Sayfa 13-14
(...)
"Şu fareyi kendiliğinden verecek misin bana, yoksa önce seni dövüp sonra mı alıyım ben onu?"
"Neyi alacaksın ki benden?
"Neyi alacağımı gayet iyi biliyorsun sen. Ver şu fareyi bana."
Lennie istemeye istemeye elini cebine soktu. "Niye onu cebimde tutamıyorum ben?
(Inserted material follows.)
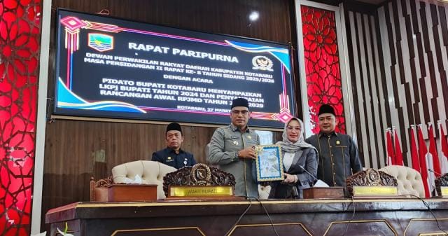 KANALKALIMANTAN.COM, KOTABARU – Rapat Paripurna masa persidangan II Rapat ke-8 Tahun Sidang 2025-2026 digelar oleh DPRD Kotabaru di ruang paripurna Gedung DPRD, Kamis (27/3/2025).
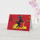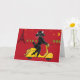 Um cartão de poodle divertido para enviar seus amigos tem um poodle preto em fundo vermelho brilhante com a Torre Eiffel.

Kimsenin faresi değil ki. Çalmadım ben onu. Yol kenarında yatıyordu, oradan aldım," derjen sesi kırgındı.
George'un eli emreden bir tavırla havada asılı kalmıştı. Topu sahibine getirmek istemeyen bir köpek gibi yavaşça yaklaşan Lennie geri çekildi birden, sonra yine yaklaştı. George iki parmağını sertçe şaklattı, bu sesi duyan Lennie fareyi onun avucuna bırakıverdi.
"Kötü bir şey yapmıyordum ki ona George. Sadece okşuyorum biraz."
George ayağa kalktı, fareyi kararmakta ola çalılığa doğru olabildiğince uzağa attıktan sonra gölün kıyısına gelip ellerini yıkadı. "Sen tam bir kaçıksın. Ayaklarının ıslandığını görünce fareyi almak için nehrin öte yakasına geçtiğini anlayacağım aklına gelmedi mi?" Lennie'nin inleyerek hıçkırdığını duyunca başını ona doğru çevirdi. "Bebek gibi ağlıyor musun bir de? Hey yüce Tanrım! Seni gibi kocaman bir adamın şu yaptığına bak!" Lennie'nin dudakları titredi ve gözleri yaşla doldu.